South Africa's official unemployment numbers as announced by the national statistics agency this week, although alarming, still paint a rosier picture than the reality many people experience, labour union Solidarity said on Thursday. Picture: Phill Magakoe

JOHANNESBURG - South Africa's official unemployment numbers as announced by the national statistics agency this week, although alarming, still paint a rosier picture than the reality many people experience, labour union Solidarity said on Thursday.

The jobless rate rose to 29 percent of the labour force in the second quarter of 2019 from 27.6 percent in the first three months of the year, the highest since a quarterly labour force survey was introduced in 2008, Statistics South Africa said on Tuesday.

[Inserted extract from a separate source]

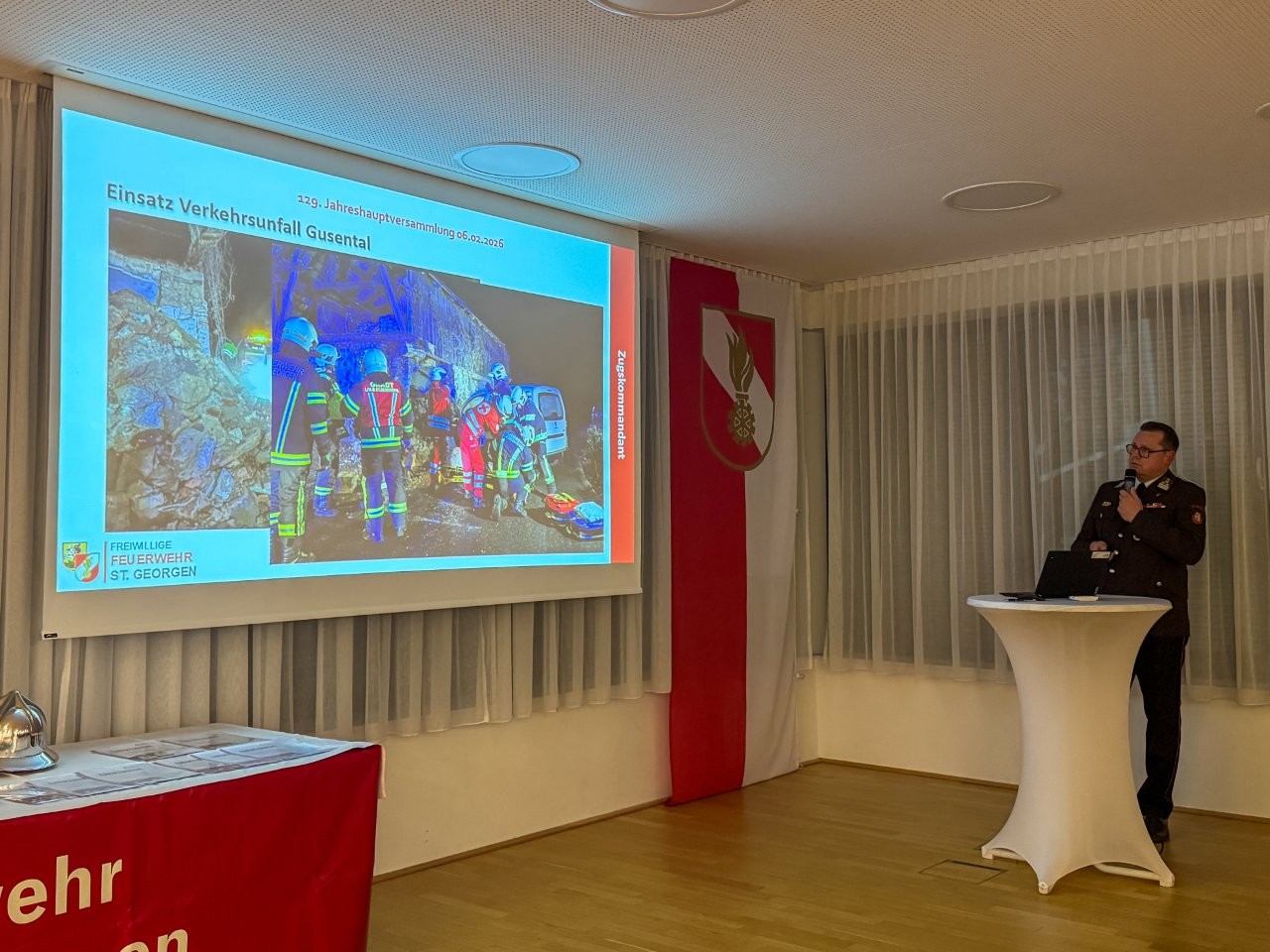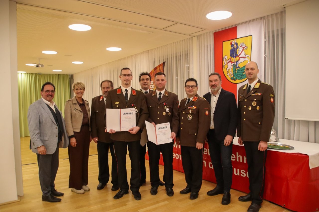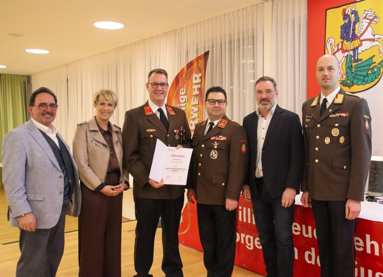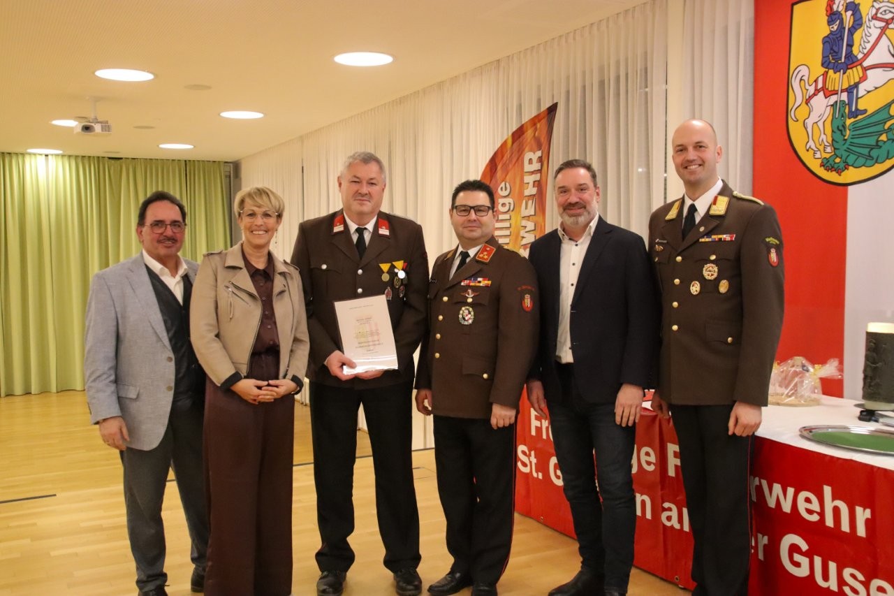 Vorige Woche Freitag war es wieder soweit: Die Jahresvollversammlung fand ihre 129. Wiederholung. Im Gasthaus SAM fanden sich aus diesem Anlass die Kameradinnen und Kameraden der Feuerwehr St. Georgen, gemeinsam mit Vertreterinnen und Vertretern aus Politik, Landesfeuerwehrverband und Rotem Kreuz ein. Bürgermeister Andreas Derntl, Vizebürgermeisterin Michaela Traxler, Landtagsabgeordneter Erich Wahl und einige weitere Gemeinderäte, sowie Abschnittsfeuerwehrkommandant BR Christoph Neuhauser beehrten dabei die Versammlung. Neben vielen Berichten der Funktionäre bildeten Beförderungen und Ehrungen das Highlight des Abends. So wurden Matthias Prantner, Gerald Krenmayr, Reinhard Punzenberger, Lukas Kern und Fritz Frühwirt das bronzene Feuerwehr-Verdienstzeichen des Bezirks Perg überreicht. Kommandant-Stellvertreter Jürgen Dastl ehrte man mit dem Bewerterverdienstabzeichen in Bronze. Danach galt es, etliche Jubilare für ihre langjährige Mitgliedschaft auszuzeichnen: Benjamin Brunner, Marko Danner, Wolfgang Rammer, Jürgen Trchlin (25 Jahre), sowie Michael Ramer (40 Jahre). Manfred Stadlmann feierte seine 60-jährige (!) Mitgliedschaft. Abgerundet wurde der Abend mit Grußworten der Ehrengäste im gemütlichen Beisammensein.

But unemployment was even higher at 38.5 percent when using the expanded definition which includes people discouraged from actively looking for work.

On Thursday, Morné Malan, a senior researcher at the Solidarity Research Institute, said although the use of the narrow definition of unemployment was common practice around the world and recommended by the International Labour Organisation, this measurement was inaccurate for South Africa's labour force.

"South Africa has an exceptionally large gap between the narrow definition of the unemployment rate and the expanded definition (and) we have a particularly low labour absorption rate (42.4 percent)," Malan said.

"A 2013 study at the University of KwaZulu-Natal indicates that so-called discouraged jobseekers, who are not counted as unemployed in the official rate, are in no way less likely to be employed than so-called active jobseekers," he added.

Solidarity said a 38.5 percent unemployment rate demanded even greater action from government to tackle the challenges of structural unemployment.

"The government is causing the problem with counter-productive policies such as minimum wage, strict labour legislation, intensified enforcement of black economic empowerment, and many more," Malan said.

"The only solution to the problem is for government to eliminate these barriers to doing business in South Africa. Otherwise, I fear that unemployment, which is accompanied by countless other social and economic issues, will never be resolved."